[AIM OF THE EXERCISE] Print every entry word for word, but omit the pictures.

= = = = = = =

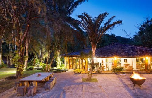 Villa São Romão features private chalets and a picturesque hilltop location 13 mi from Lumiar. Surrounded by quaint cobblestone courtyards and flowered gardens, it offers a pool and eco-tourism activities. Guests at São Româo can enjoy a scenic nature trail, hike, or book a rafting course. They can then relax with a drink on the furnished veranda while admiring the forest view. With a warm touch of color, the chalets at São Romão offer a private patio with a hammock and pleasant garden views. All have a TV, mini-bar and DVD player, plus air conditioning and heating. Guests can enjoy a daily breakfast buffet with croissants and jams. The cozy restaurant features a fireplace and serves homemade dishes with organic countryside ingredients. Villa São Romão is 17 mi from São Pedro da Serra city, and 31 mi from Nova Friburgo. It offers free Wi-Fi in public areas and complimentary parking.
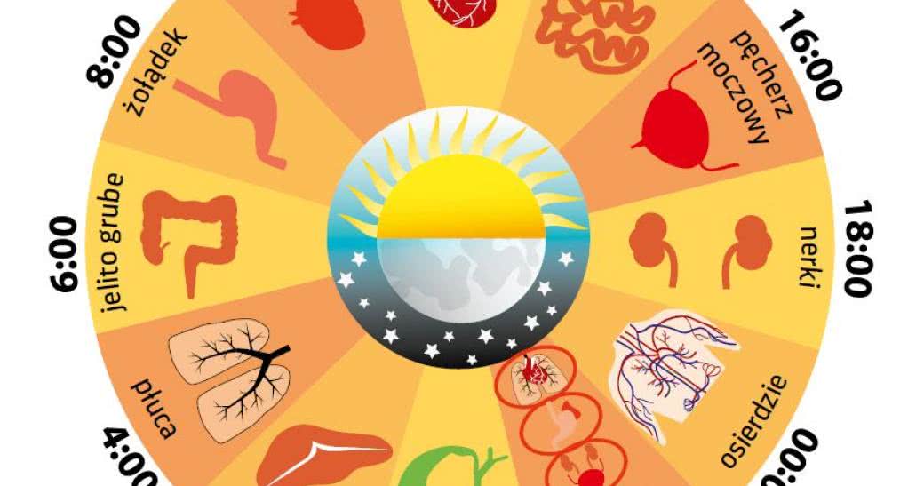 Przykładowo o godz. 5-7 rano maksimum działania przypada na jelito grube - to najlepszy czas na wypróżnienie, pozwalające oczyścić organizm. Dzięki temu żołądek (którego "czas" przypada na godz. 7-9) otrzymuje niezbędną do pracy energię, jest w stanie przyjąć i strawić pokarm (to czas na pierwszy posiłek). Następnie energia jest przekazywana do śledziony, która odpowiada za ekstrahowanie pokarmu i uczestniczy w hematopoezie (jest miejscem tworzenia krwinek białych i likwidacji czerwonych). Jeśli w odpowiednim czasie nie zjadłeś posiłku lub nie został on prawidłowo strawiony, śledziona nie otrzyma energii, co może zaburzyć skład krwi20.
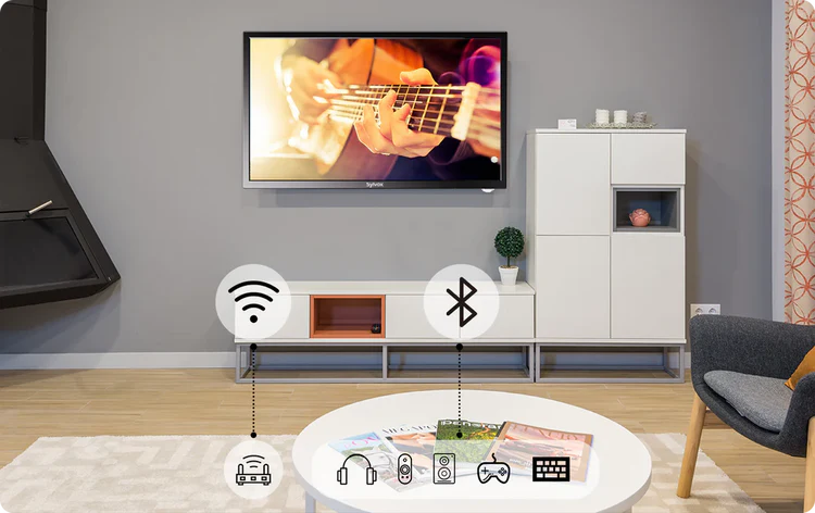 You can wirelessly connect your Bluetooth speaker and watch your favorite content through a Wi-Fi and Bluetooth connection.
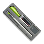 Cada estuche incluye una pluma Pilot Parallel de 3.8mm, dos cartuchos de tinta (negro y rojo), un kit para limpieza, e instrucciones de uso. Otros colores de tinta, convertidor de bomba y tintas líquidas compatibles están disponibles por separado.
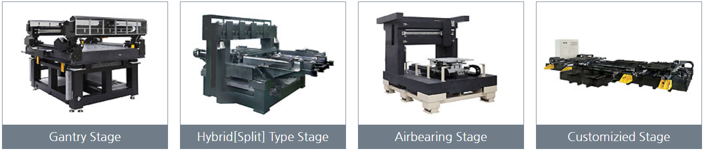 디스플레이 시장 및 그 외 각종 초정밀 가공 기 및 검사외 다양한 공정장비의 기초 장비 | 대형LCD(TV형) 중소형LCD(LTPS, AMOLED 등) | Gantry Stage, Hybrid[split] Type, Customized Stage, Airbearing Stage 등 |
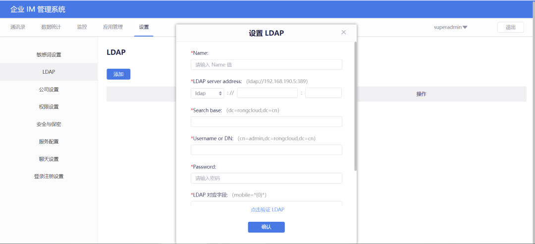 第一,支持快速与第三方 LDAP 系统对接。很多企业对于员工账号的管理,都是基于 LDAP 的。在融云协同办公平台中,只需输入对应参数,点击确定,即可完成与第三方 LDAP 系统的对接。
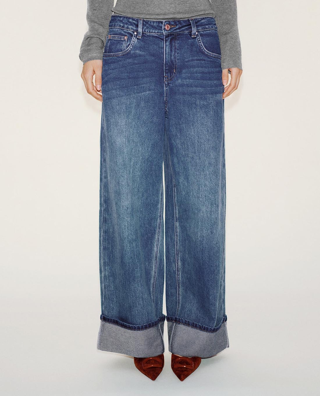 Quần jeans nữ ống rộng wash bạc gập gấu
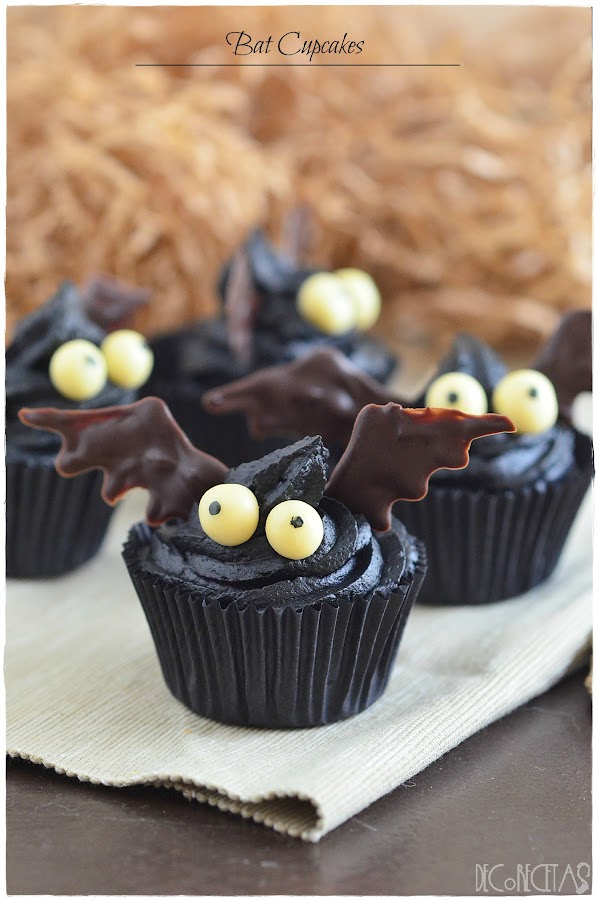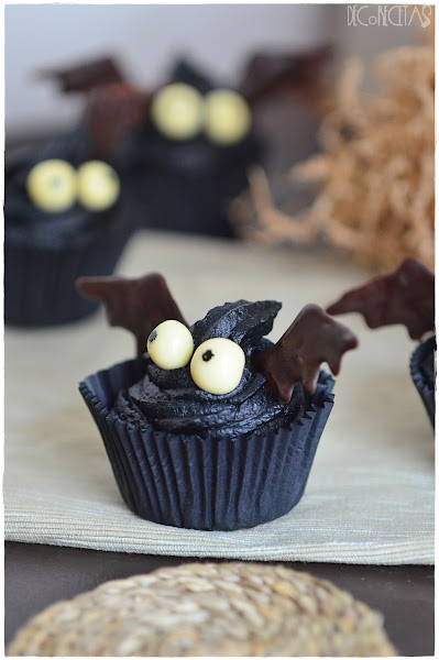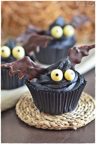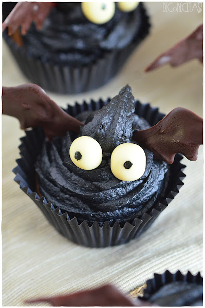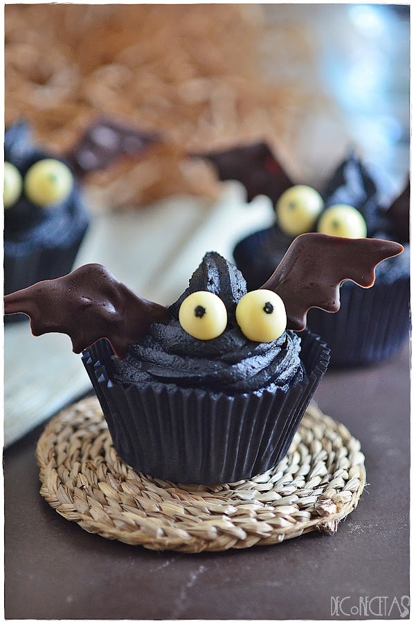 En un folio dibujo las alas de los murciélagos y dicho folio lo pongo debajo de un papel de horno y encima con chocolate fondant y mucho cuidado y paciencia voy haciendo la forma de las alas. Este papel lo meto al congelador hasta que está sólido y se desprende fácilmente el chocolate. Ya solo falta decorar con dos bolitas a las que he pintado la pupila en negro con un rotulador comestible y poner las alas
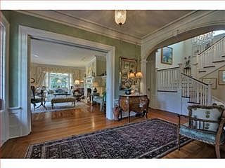 Prestigious Residence downtown, qualified under Mills Act for reduced taxes; 5 Bedroom, 3 Bath Main residence with 9-foot ceilings, original deep crown molding of heart redwood with picture hanging moldings; finished basement; 26,000+ square feet landscaped grounds consisting of private gardens, mature trees, well-water irrigation; Separate guest cottage has 17-goot ceiling with Kitchen and fireplace.

= = = = = = =

[TASK OUTPUT]
 Villa São Romão features private chalets and a picturesque hilltop location 13 mi from Lumiar. Surrounded by quaint cobblestone courtyards and flowered gardens, it offers a pool and eco-tourism activities. Guests at São Româo can enjoy a scenic nature trail, hike, or book a rafting course. They can then relax with a drink on the furnished veranda while admiring the forest view. With a warm touch of color, the chalets at São Romão offer a private patio with a hammock and pleasant garden views. All have a TV, mini-bar and DVD player, plus air conditioning and heating. Guests can enjoy a daily breakfast buffet with croissants and jams. The cozy restaurant features a fireplace and serves homemade dishes with organic countryside ingredients. Villa São Romão is 17 mi from São Pedro da Serra city, and 31 mi from Nova Friburgo. It offers free Wi-Fi in public areas and complimentary parking.
 Przykładowo o godz. 5-7 rano maksimum działania przypada na jelito grube - to najlepszy czas na wypróżnienie, pozwalające oczyścić organizm. Dzięki temu żołądek (którego "czas" przypada na godz. 7-9) otrzymuje niezbędną do pracy energię, jest w stanie przyjąć i strawić pokarm (to czas na pierwszy posiłek). Następnie energia jest przekazywana do śledziony, która odpowiada za ekstrahowanie pokarmu i uczestniczy w hematopoezie (jest miejscem tworzenia krwinek białych i likwidacji czerwonych). Jeśli w odpowiednim czasie nie zjadłeś posiłku lub nie został on prawidłowo strawiony, śledziona nie otrzyma energii, co może zaburzyć skład krwi20.
 You can wirelessly connect your Bluetooth speaker and watch your favorite content through a Wi-Fi and Bluetooth connection.
 Cada estuche incluye una pluma Pilot Parallel de 3.8mm, dos cartuchos de tinta (negro y rojo), un kit para limpieza, e instrucciones de uso. Otros colores de tinta, convertidor de bomba y tintas líquidas compatibles están disponibles por separado.
 디스플레이 시장 및 그 외 각종 초정밀 가공 기 및 검사외 다양한 공정장비의 기초 장비 | 대형LCD(TV형) 중소형LCD(LTPS, AMOLED 등) | Gantry Stage, Hybrid[split] Type, Customized Stage, Airbearing Stage 등 |
 第一,支持快速与第三方 LDAP 系统对接。很多企业对于员工账号的管理,都是基于 LDAP 的。在融云协同办公平台中,只需输入对应参数,点击确定,即可完成与第三方 LDAP 系统的对接。
 Quần jeans nữ ống rộng wash bạc gập gấu
 En un folio dibujo las alas de los murciélagos y dicho folio lo pongo debajo de un papel de horno y encima con chocolate fondant y mucho cuidado y paciencia voy haciendo la forma de las alas. Este papel lo meto al congelador hasta que está sólido y se desprende fácilmente el chocolate. Ya solo falta decorar con dos bolitas a las que he pintado la pupila en negro con un rotulador comestible y poner las alas
 Prestigious Residence downtown, qualified under Mills Act for reduced taxes; 5 Bedroom, 3 Bath Main residence with 9-foot ceilings, original deep crown molding of heart redwood with picture hanging moldings; finished basement; 26,000+ square feet landscaped grounds consisting of private gardens, mature trees, well-water irrigation; Separate guest cottage has 17-goot ceiling with Kitchen and fireplace.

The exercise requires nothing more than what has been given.